The Arrangement Agreement provides for the implementation of the Arrangement by means of a plan of arrangement under the Business Corporations Act (Alberta). The Arrangement Agreement contains customary representations and warranties of each party, non-solicitation and interim operations covenants by SMART, and right to match provisions in favour of Foxconn.  The Arrangement Agreement provides that any subsidiary of Hon Hai Precision Industry Co., Ltd. may participate in the investment in SMART, and strategic partners designated by Hon Hai Precision Industry Co., Ltd. may, collectively, participate in up to 33 1/3 percent of the investment.  Further, the Arrangement Agreement provides that a termination fee of US$8.9 million will be payable by SMART in certain circumstances, including if SMART enters into an agreement with respect to a superior proposal or if its Board of Directors fails to recommend the proposed Arrangement to shareholders in the prescribed manner.

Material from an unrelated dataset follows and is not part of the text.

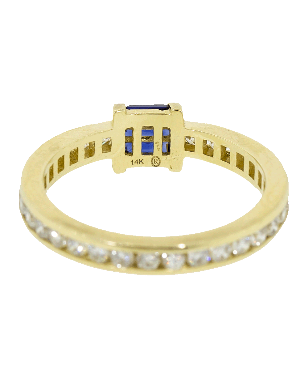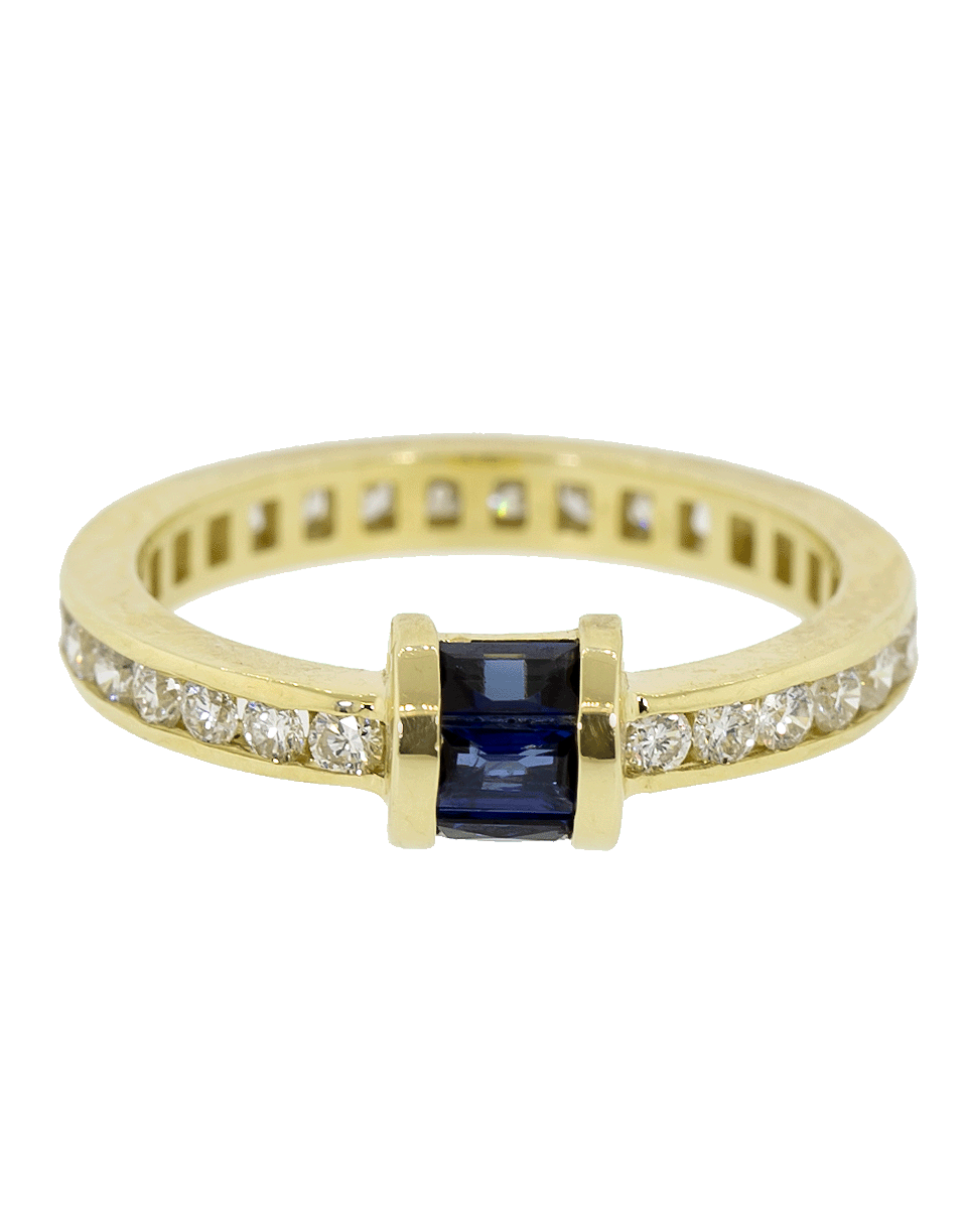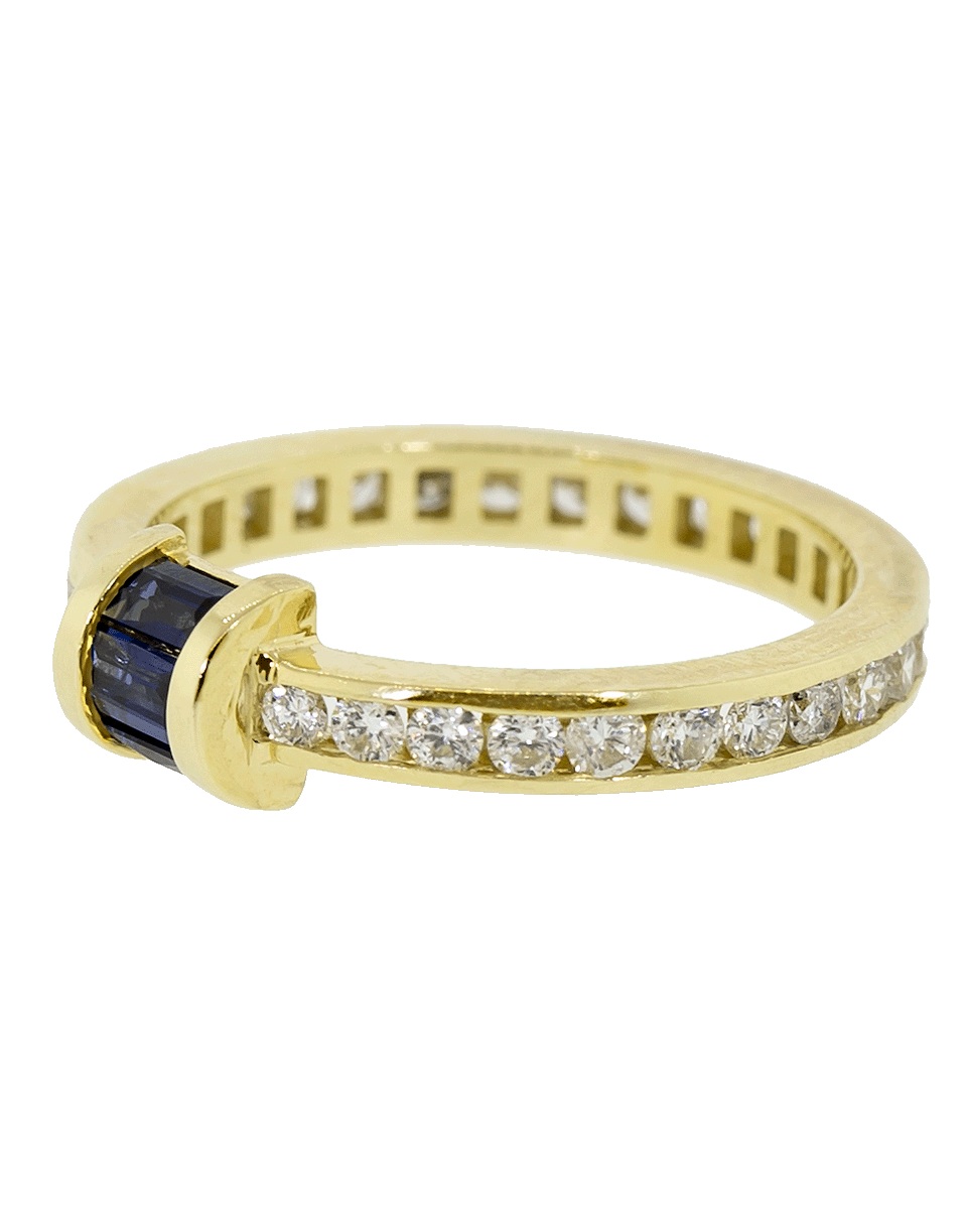 Channel barrel band with blue sapphires and diamonds set in 14k yellow gold.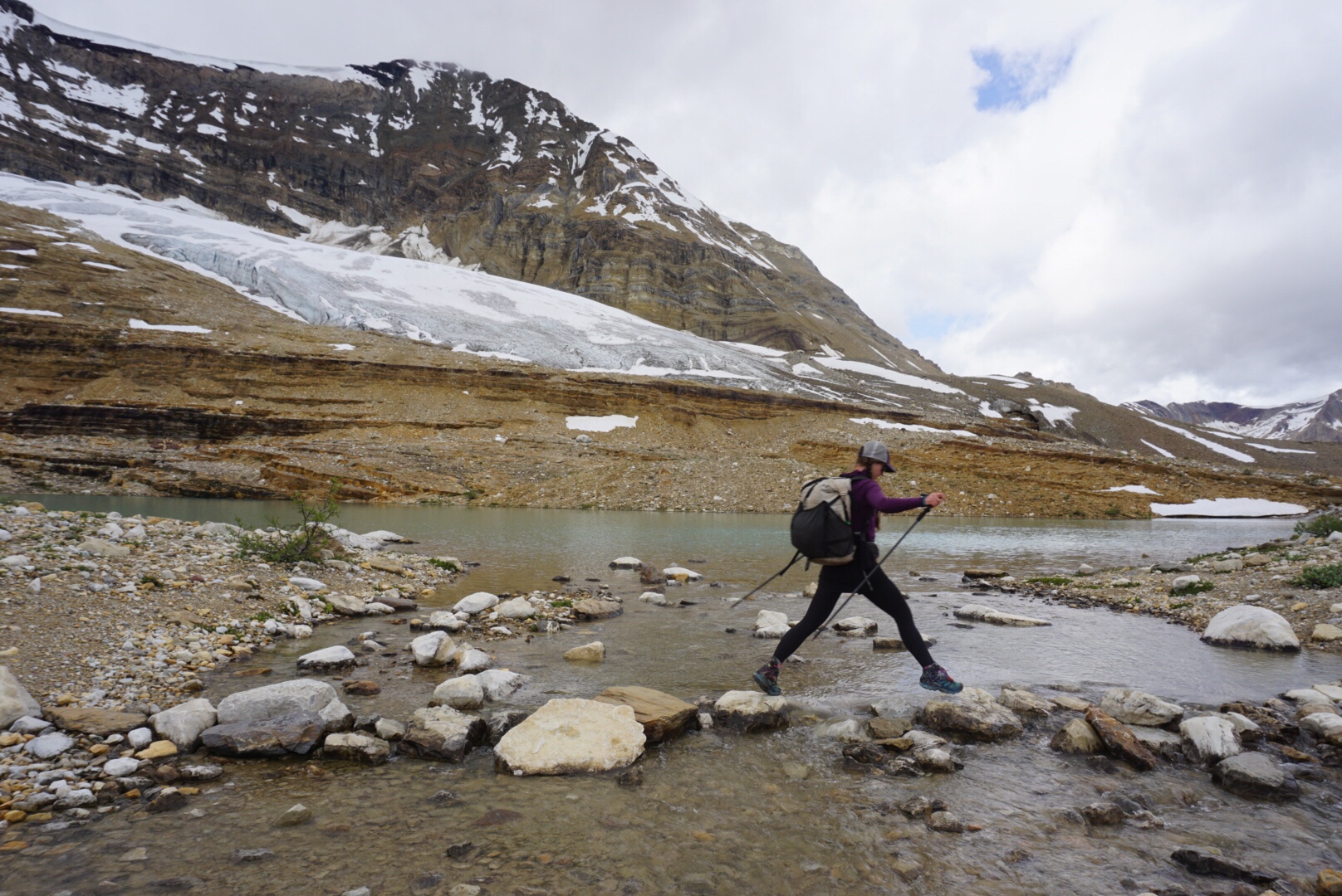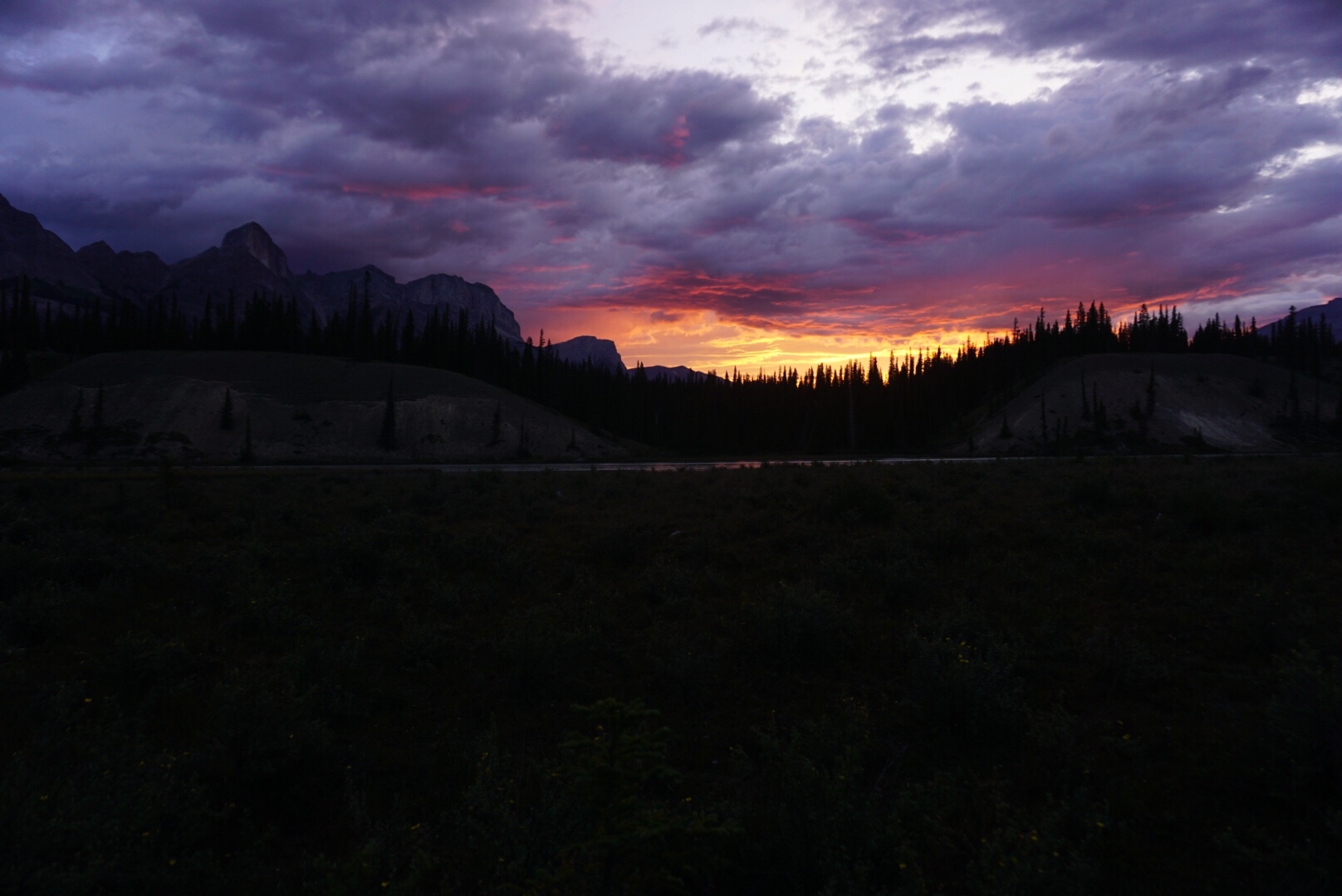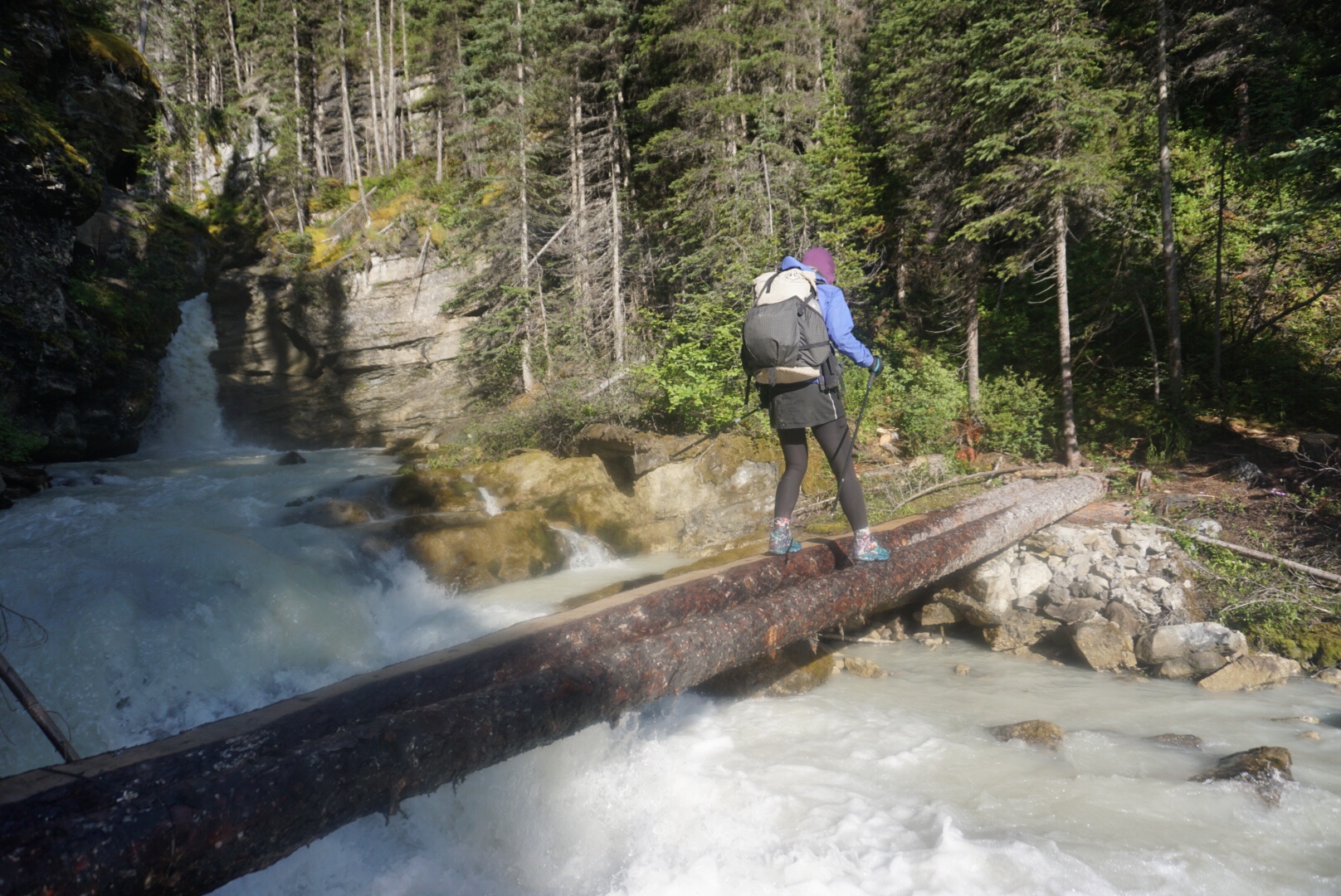 Today is a resupply day at Saskatchewan Crossing. We got up at 5 am to meet Keith, who is dropping us off our resupply box at the crossing at 7:30. The walking is easy and the sunrise glorious. We cross a deep chasm called Mistaya Canyon before meeting Keith’s trusty red van once again! It goes without saying that without Keith and Leslie, this trip would not have happened. We are forever grateful to them.

The Arrangement is subject to customary conditions for a transaction of this nature, which include court and regulatory approvals (including the approval of the TSX) and the approval of 66 2/3 percent of the votes cast by SMART shareholders represented in person or by proxy at a meeting of SMART shareholders to be called to consider the Arrangement (the “Special Meeting”).

All of the directors, certain of the officers of SMART and certain of its shareholders, representing an aggregate of approximately 68 percent of the issued and outstanding Common Shares, have entered into lockup agreements pursuant to which they have agreed to, among other things, support the Arrangement and vote their Common Shares in favor of the Arrangement, subject to the terms of such agreements.

SMART Technologies is here.

Foxconn is here.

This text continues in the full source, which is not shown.